The revenue hit in the current budget is estimated at “hundreds of millions…probably in excess of $500 million,” Bennett said.

Chicago, like the rest of the country, is dealing with the aftermath of actions needed to limit spread of the new coronavirus. With many businesses closed or at limited capacity, and effectively zero tourism and discretionary business travel, unemployment is up and tax revenues are down.

A larger figure on the costs and tax losses for the year and beyond is still unclear although Mayor Lori Lightfoot has warned that the problem will be measured in billions of dollars and told Crain’s Chicago Business recently she expects the city will have to solve a $1 billion deficit headed into the next budget.

Bennett said the city continues to analyze data and economic projections based on scenarios that consider how long the shutdown remains in place and what happens afterward. “It’s really the expected time frame for economic recovery which will impact how much this COVID crisis will cost us,” Bennett said.

Long before the pandemic, city officials had warned of potential $1.19 billion and $1.16 billion budget gaps in 2021 and 2022, respectively, on a baseline forecast that didn’t account for revenue or expense changes in 2020 or a recession.

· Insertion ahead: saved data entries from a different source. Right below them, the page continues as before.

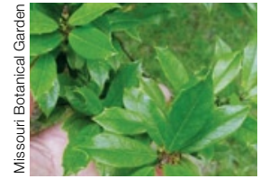
Foster holly Ilex x attenuata
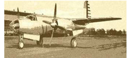
The first B26 Marauder
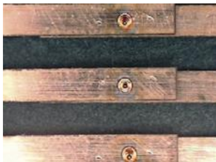
Spot weld example
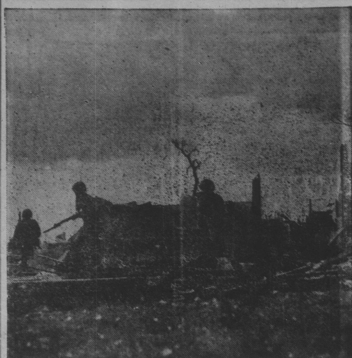
Cautiously moving ahead, their weapons ready, these Marines are shown working their way forward into Garapan, administrative heart of the Island of Saipan. Are you buying War Bonds to back them up?

The city is operating on an $11.65 billion all-funds budget that includes a $4.5 billion corporate fund and has liquidity in the form of $2 billion of available cash.

Lightfoot and Gov. J.B. Pritzker have outlined reopening targets based on case-and-testing related data that pave the way for the shutdown restrictions to ease at the end of the month but the speed and strength of the city’s recovery remain guesswork. Of the 96,485 identified Illinois COVID-19 cases, Chicago accounted for 37,381 as of Monday. There have been 1,681 COVID-19 deaths in the city.

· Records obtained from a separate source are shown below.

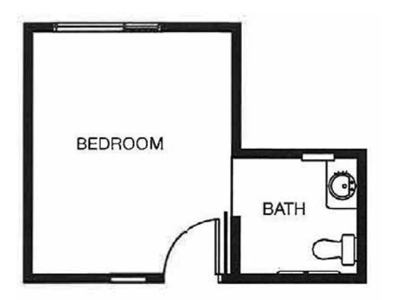
Plan F (Memory Care) 218 sq. ft.
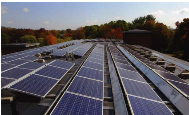
Solar panels installed on the flat roof.
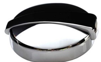
Mock Monza Gas Cap

“We don’t know the exact timing of how we are going to come out of this crisis and ultimately what that cost will be to the broader economy,” Bennett said. “We are working on getting a precise number.”

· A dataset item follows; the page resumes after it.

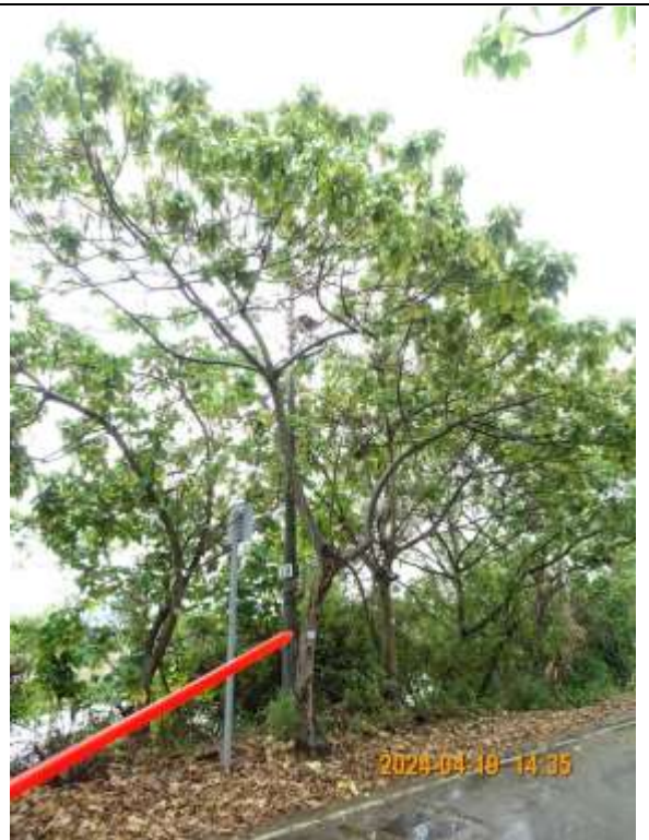
T008 – Overview

Whether Congress will act on a new relief package that provides aid to local governments to cover tax losses is the big question, Bennett said. Senate GOP leadership signaled opposition to the $3 trillion package approved by House Democrats Friday that would have assisted local governments.

“It’s really the expected time frame for economic recovery which will impact how much this COVID crisis will cost us,” said Chicago CFO Jennie Huang Bennett.

“That will be a key puzzle piece to how manage through this," Bennett said.

On the expense side, the city received $470 million from March's Coronavirus Aid, Relief and Economic Security Act to help cover coronavirus-related costs and is receiving other federal disaster and grant related federal aid.

Chicago has some breathing room for the current fiscal year from an additional $100 million in savings achieved with its debt refinancing earlier this year and has a cushion in an unassigned fund balance. Bennett said she doesn’t believe at this point the city will “have to come back to City Council to redo anything.” The city's fiscal year matches the calendar year.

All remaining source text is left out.